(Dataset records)
######

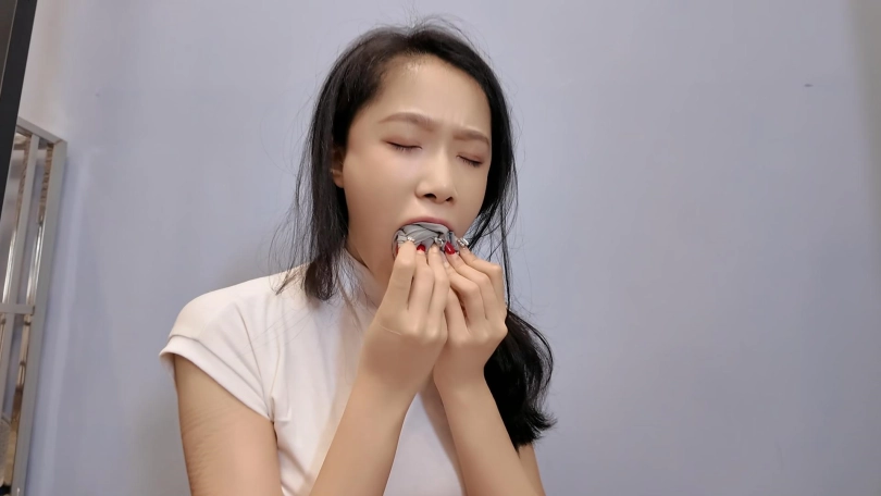 雅倩被绑床上,被人从床上带到调叫室,后手观音,双腿捆绑放置,口水流到丝袜上,接下来又被捆绑的老虎凳上,双腿高高拉起分开,这是一种最适合的调叫方式,这个姿势特别适合玩棒棒,双棒一起弄的雅倩高了无数次,放下来命令雅倩自己脱下沾满她自己口水的丝袜,塞到她自己嘴里,让她尝尝自己原味的滋味
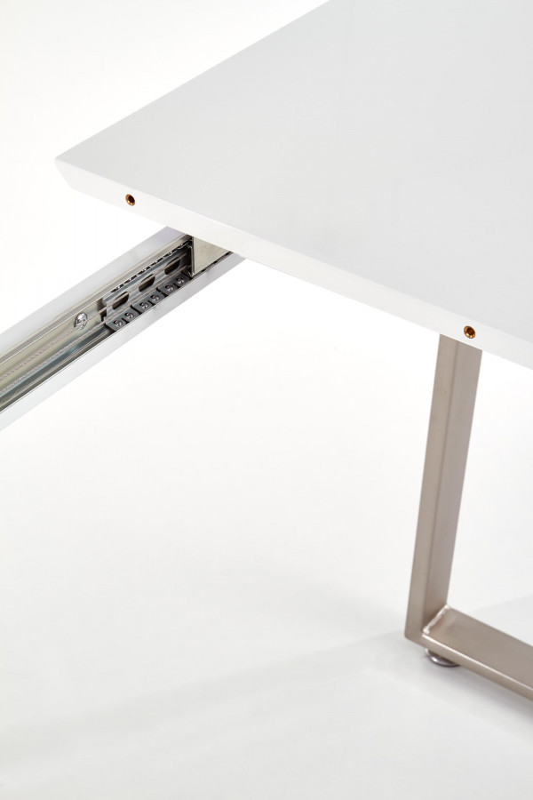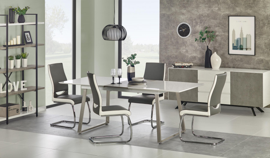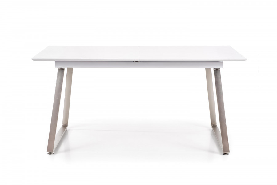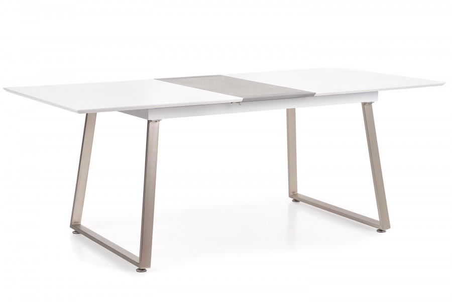 stół rozkładany, wymiary: 160-200/90/75 cm, materiał: MDF lakierowany / MDF laminowany / stal chromowana szczotkowana, kolor: biały / beton
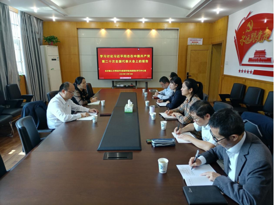 10月16日上午,经济与管理学院党委理论学习中心组在金盆岭校区12教200报告厅与学院师生共同集中收看中国共产党第二十次全国代表大会开幕会后,在办公大楼三楼会议室举行专题学习会,集体学习讨论了习近平同志在中国共产党第二十次全国代表大会上的报告。
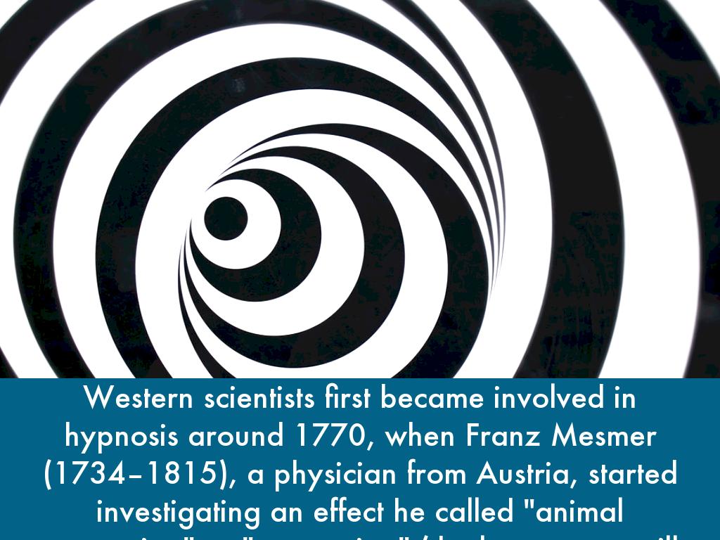Western scientists first became involved in hypnosis around 1770, when Franz Mesmer (1734–1815), a physician from Austria, started investigating an effect he called "animal magnetism" or "mesmerism" (the latter name still remaining popular today).
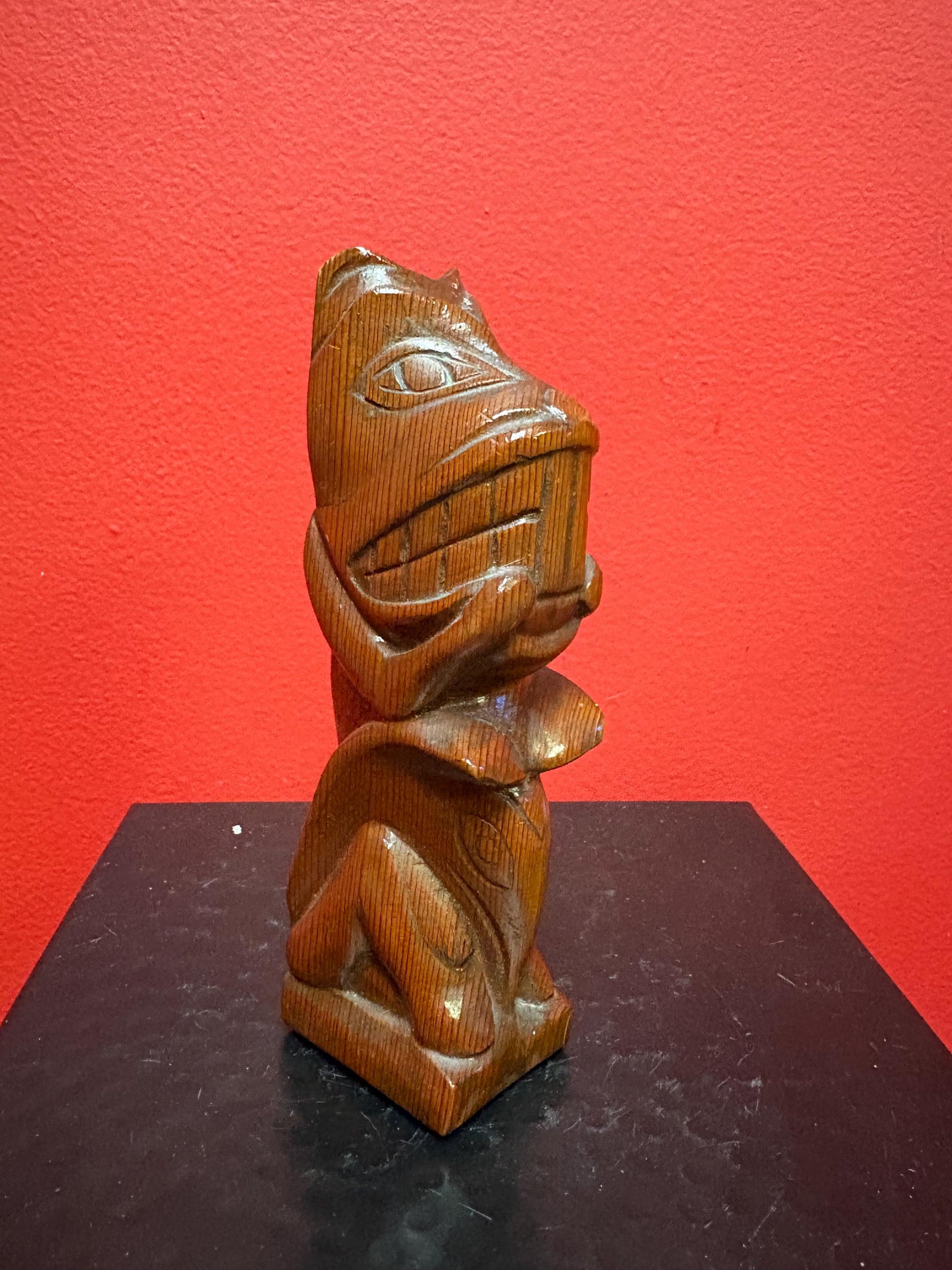 Lovely 6 inch indigenous first Nations, Pacific NorthwestCoast beaver killer whale transformation totem with honey glaze finish —

######

▸ **What is needed**: Copy all of the data word for word, and keep the pictures out of it.

▸ **Response for this exercise**:
 雅倩被绑床上,被人从床上带到调叫室,后手观音,双腿捆绑放置,口水流到丝袜上,接下来又被捆绑的老虎凳上,双腿高高拉起分开,这是一种最适合的调叫方式,这个姿势特别适合玩棒棒,双棒一起弄的雅倩高了无数次,放下来命令雅倩自己脱下沾满她自己口水的丝袜,塞到她自己嘴里,让她尝尝自己原味的滋味
 stół rozkładany, wymiary: 160-200/90/75 cm, materiał: MDF lakierowany / MDF laminowany / stal chromowana szczotkowana, kolor: biały / beton
 10月16日上午,经济与管理学院党委理论学习中心组在金盆岭校区12教200报告厅与学院师生共同集中收看中国共产党第二十次全国代表大会开幕会后,在办公大楼三楼会议室举行专题学习会,集体学习讨论了习近平同志在中国共产党第二十次全国代表大会上的报告。
Western scientists first became involved in hypnosis around 1770, when Franz Mesmer (1734–1815), a physician from Austria, started investigating an effect he called "animal magnetism" or "mesmerism" (the latter name still remaining popular today).
 Lovely 6 inch indigenous first Nations, Pacific NorthwestCoast beaver killer whale transformation totem with honey glaze finish —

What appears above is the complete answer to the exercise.